Division of Pediatric Endocrinology, University of Virginia, Charlottesville, VA 22908, USA.
J Pediatr Gastroenterol Nutr. 2012 Apr;54(4):486-90. doi: 10.1097/MPG.0b013e3182382ee3.
Infliximab is used increasingly as maintenance therapy for inflammatory bowel disease (IBD); however, the effects of a single maintenance dose of infliximab are unclear with respect to the quality of life and hormones related to growth and puberty. The aim of the present study was to determine the time course of inflammatory, hormonal, and quality-of-life changes following a single dose of infliximab in the context of ongoing therapy, as related to presence of IBD symptoms at time of administration.
Children and adolescents with IBD receiving ongoing therapy with infliximab for clinical indications were recruited. The Pediatric Crohn's Disease Activity Index was determined at baseline and laboratory measures of high-sensitivity C-reactive protein (hsCRP) and hormones of growth and puberty were determined on days 0, 2, and 14. IBD-related quality of life (IMPACT III questionnaire) was tested on days 0 and 14. Subjects who had symptoms of IBD were compared with asymptomatic subjects.
Subjects overall and in the symptomatic group exhibited improved hsCRP by day 2 following treatment.
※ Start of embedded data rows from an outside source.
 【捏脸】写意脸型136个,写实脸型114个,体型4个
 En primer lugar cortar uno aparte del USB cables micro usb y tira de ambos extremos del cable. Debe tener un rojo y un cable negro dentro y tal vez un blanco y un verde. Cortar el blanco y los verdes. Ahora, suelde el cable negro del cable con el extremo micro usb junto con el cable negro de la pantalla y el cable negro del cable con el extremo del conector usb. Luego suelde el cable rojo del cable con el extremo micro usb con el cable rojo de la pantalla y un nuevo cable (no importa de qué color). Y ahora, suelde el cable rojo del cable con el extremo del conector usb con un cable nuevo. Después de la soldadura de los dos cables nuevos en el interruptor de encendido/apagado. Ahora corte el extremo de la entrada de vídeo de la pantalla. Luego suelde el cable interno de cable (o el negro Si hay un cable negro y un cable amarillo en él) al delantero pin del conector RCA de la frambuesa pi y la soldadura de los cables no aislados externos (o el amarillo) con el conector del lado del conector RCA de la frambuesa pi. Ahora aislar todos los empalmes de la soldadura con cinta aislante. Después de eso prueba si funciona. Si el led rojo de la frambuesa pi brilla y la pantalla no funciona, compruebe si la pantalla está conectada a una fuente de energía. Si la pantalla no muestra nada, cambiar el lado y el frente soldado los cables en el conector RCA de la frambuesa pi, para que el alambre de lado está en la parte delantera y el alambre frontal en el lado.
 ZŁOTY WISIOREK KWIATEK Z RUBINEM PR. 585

Symptomatic subjects had higher Pediatric Crohn's Disease Activity Index scores and lower quality-of-life scores than asymptomatic subjects on day 0, whereas at day 14 there were no significant differences in quality-of-life scores between the 2 groups.
Even in the context of ongoing treatment, a single dose of infliximab results in decreased hsCRP, an improvement that is particularly noted among subjects who are symptomatic at the time of treatment. Although randomized trials are needed, these observational data may assist clinicians, patients, and families regarding expectations about timing and extent of these changes following a single treatment dose.
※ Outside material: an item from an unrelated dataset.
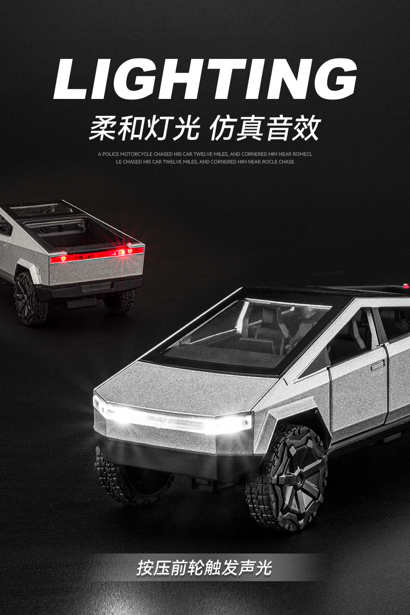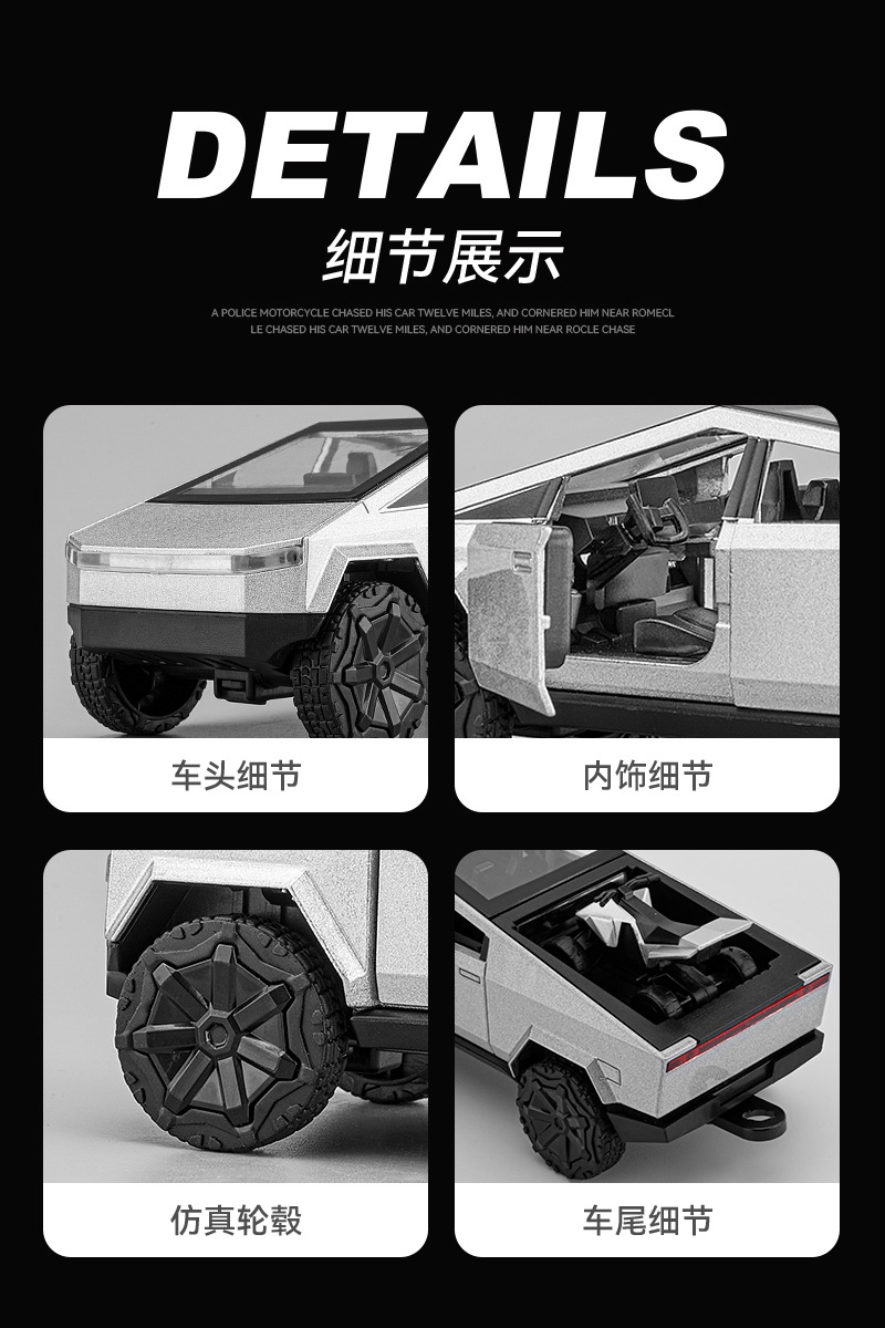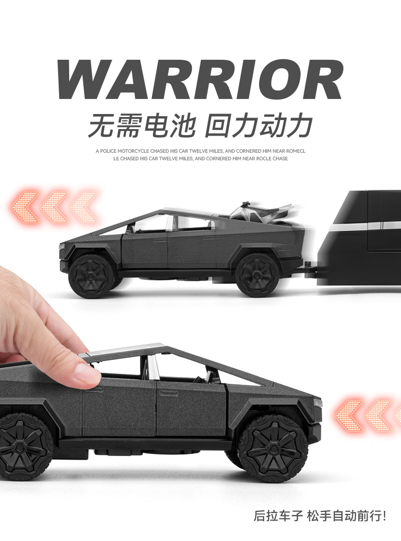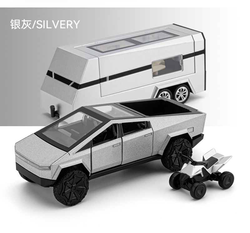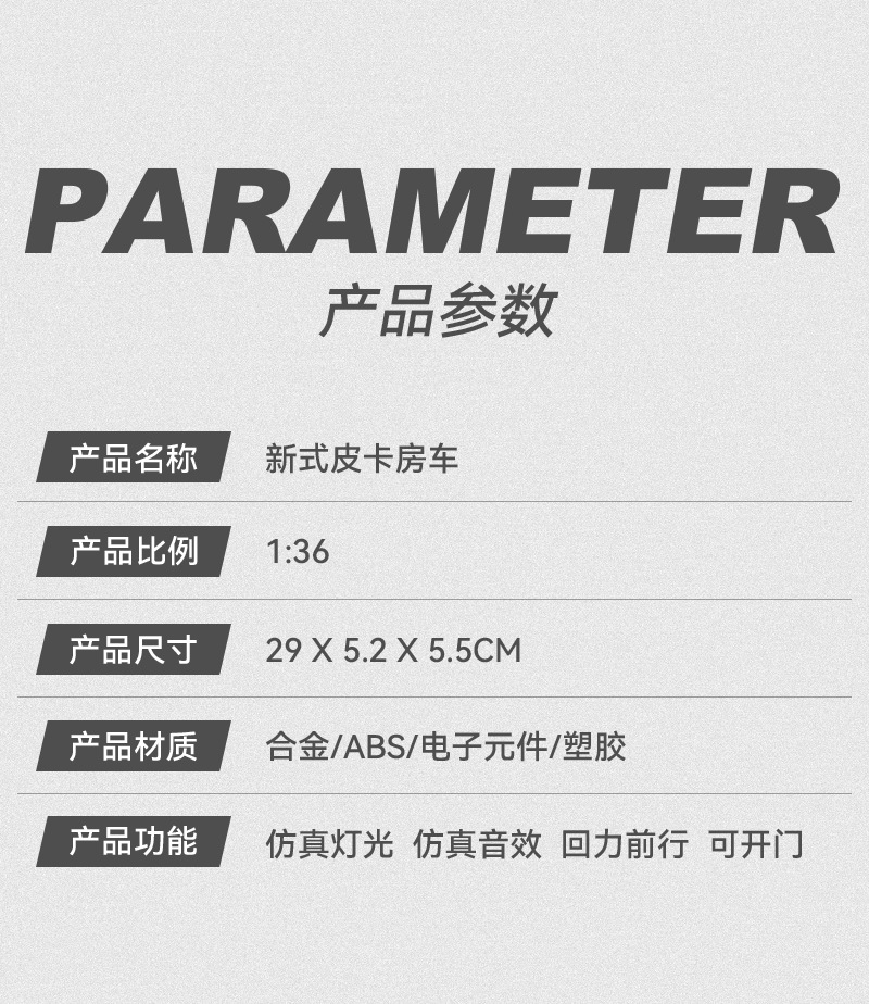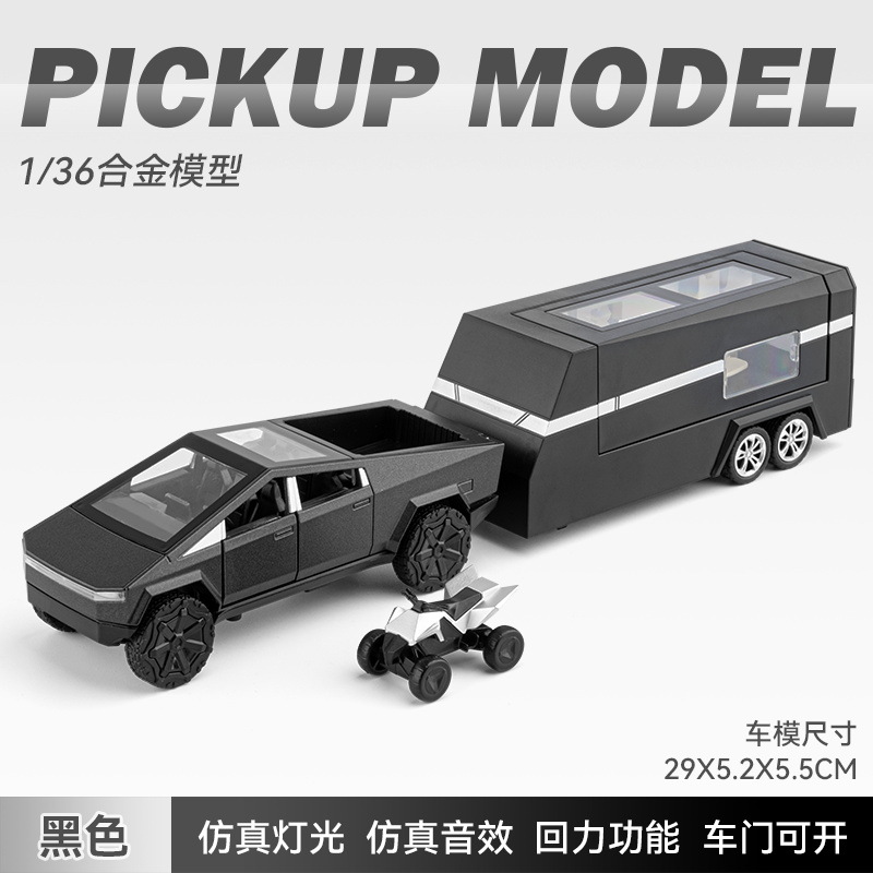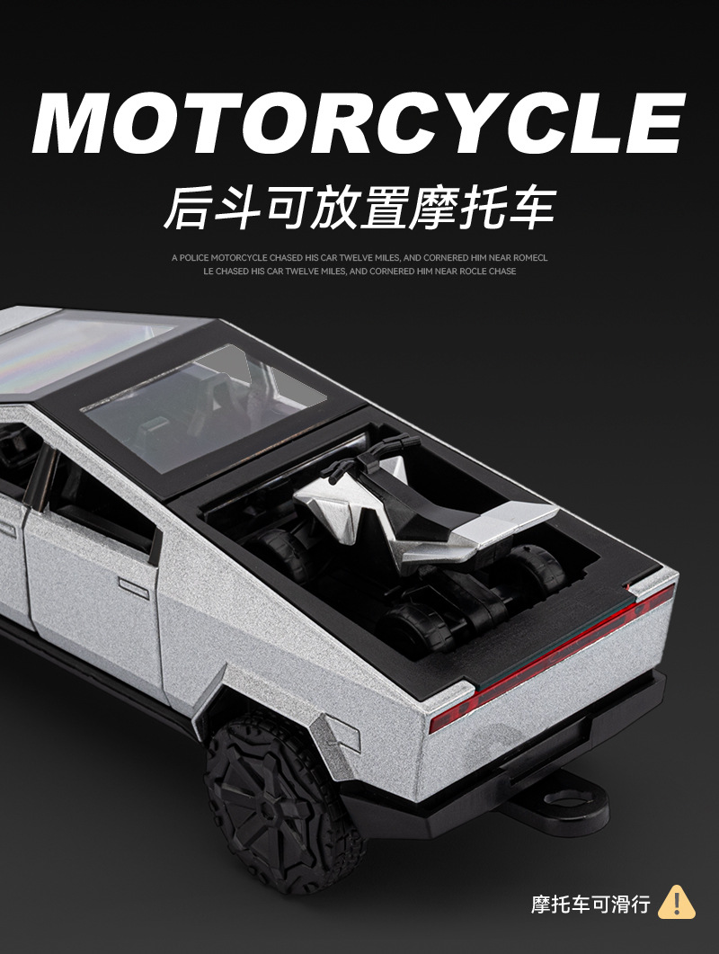 观景舱门可掀开;皮卡与房车可链接拖挂;皮卡后斗可放置摩托车(摩托车可滑行);五开门,高仿真灯光音效(按压前轮触发灯光音效);

英夫利昔单抗(一种肿瘤坏死因子-α拮抗剂)越来越多地被用作炎症性肠病(IBD)的维持治疗;然而,关于单次维持剂量英夫利昔单抗对与生长和青春期相关的生活质量和激素的影响尚不清楚。本研究的目的是确定在持续治疗的情况下,单次给予英夫利昔单抗后炎症、激素和生活质量变化的时间过程,同时与治疗时 IBD 症状的存在相关。
招募正在接受英夫利昔单抗维持治疗以治疗临床指征的 IBD 儿童和青少年。在基线时测定儿科克罗恩病活动指数(PCDAI),在第 0、2 和 14 天测定高敏 C 反应蛋白(hsCRP)和生长和青春期激素的实验室指标。在第 0 和 14 天测定与 IBD 相关的生活质量(IMPACT III 问卷)。比较有 IBD 症状的受试者和无症状受试者。
总体而言,所有受试者和症状组在治疗后第 2 天 hsCRP 均得到改善。在第 0 天,有症状的受试者的 PCDAI 评分较高,生活质量评分较低,而在第 14 天,两组之间的生活质量评分无显著差异。
即使在持续治疗的情况下,单次给予英夫利昔单抗也会降低 hsCRP,这种改善在治疗时出现症状的患者中更为明显。尽管需要进行随机试验,但这些观察数据可能会帮助临床医生、患者和家属了解单次治疗剂量后这些变化的时间和程度的预期。